MJ Flood Technology managing director James Finglas talks about the technology trends impacting Irish businesses.
The technology world is transforming business at a breadth-taking pace and for MJ Flood’s James Finglas there is a clear need to ensure that Irish businesses, in particular, are up to date on the latest trends like cloud computing, disaster recovery and mobility.
“We cover the three markets of SME, mid-market and large enterprise. At the heart of what we do is aligning a consultant to a business whose role is to identify the businesses’ needs as opposed to the technology needs.”
Finglas is making a good point. Technology investment should only be embarked upon to meet critical business objectives, especially in these tough economic times.
“It is not about driving a particular technology into a company but to assess their technological needs and find the right mix that suits that business.”
Fifteen years ago, when MJ Flood was installing networks in firms for the first time, email was the biggest revolution. Today, email is just another line of business application. “There’s been a seismic shift, if you like, in business today. We’re on the cusp of another major shift in cloud technology and businesses are struggling to get their heads around the concept.
“The next five years will be very interesting in terms of technologies like Office 365 arriving.”
I ask Finglas if Irish firms are making sufficient use of the online opportunities that abound. He believes many are still struggling to take in all the information that’s available and make the right decisions. “There’s a huge education piece that’s required for Irish businesses. Traditionally, they are slow adopters of new technology, so they need to be encouraged and feel comfortable with it.”
Cloud computing is perhaps the biggest step change of them all. Although Irish firms may be slow to adopt new technologies, he accepts that cloud infrastructure will become mainstream in the next few years.
Public or private cloud?
“Again there’s an education piece around that, you talk about cloud but what are people’s understanding of it, private cloud versus public cloud?
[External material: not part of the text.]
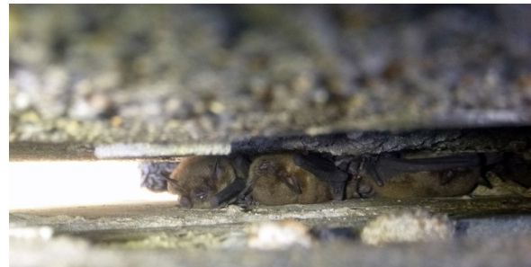
Gray bats (Katherine Etchison)

“There’s probably a balance to be struck. You’ll end up with a hybrid-type model. It’s not one size fits all. Again, this comes back to the strategy of working with a business, finding out what business imperatives are and designing hybrid-type solutions between legacy and cloud.
“There are certain technologies that fit quite well in the cloud – email and CRM, for example – and I think those concepts are being adapted. It will become mainstream.
A recent survey of 117 Irish businesses by MJ Flood found that nearly half of organisations in Ireland have no disaster recovery (DR) in place, while a quarter store media in a location that is not fireproof, a new study has revealed. Almost one-third of respondents said they have never performed a test restore on their data, and 39pc acknowledge problems trying to retrieve and restore data from backup.
Finglas says there is a confusion in the business world between what is disaster recovery and then what is business continuity. “There’s a massive difference between the two technologies. In the current challenging economy, disaster recovery tends to be left on the long finger. Every company knows they need it to ensure that people continue to be productive, but it tends to sit on the to-do list of a lot of companies.”
Finglas believes this could change as cloud computing enables firms to shift from capital spending on new IT equipment and service to an operational spending pattern that is better suited to this economy.
Paradigm shift in IT spending
“Spending on IT through an open model is much more helpful to IT directors in this climate,” Finglas adds.
With the proliferation of mobile computing devices, from laptops to smartphones and iPads, Finglas says the one thing that should never change is security. “The actual considerations of businesses are the same, whether a staff member is using a BlackBerry or an Android device or an iPhone.
“Again, it goes back to examining the business, what are its imperatives. Does it need a mobile workforce and if so how do we ensure that having so many devices and workers out and about does not compromise the network itself.”
The economic recession has been an opportunity for firms to re-evaluate themselves and become much more agile, leaner organisations. Finglas says the shift from capex spending to opex is happening whether or not firms take up cloud computing.
“If it is an on-premises solution, the trend tends to be moving that situation to an operational cost.
“For a CIO to go to a finance director in the current environment and look for capex, they will need to prove the return on investment.
“Where the cloud benefits that conversation is in terms of moving that conversation to operational and predictable costs,” Finglas said.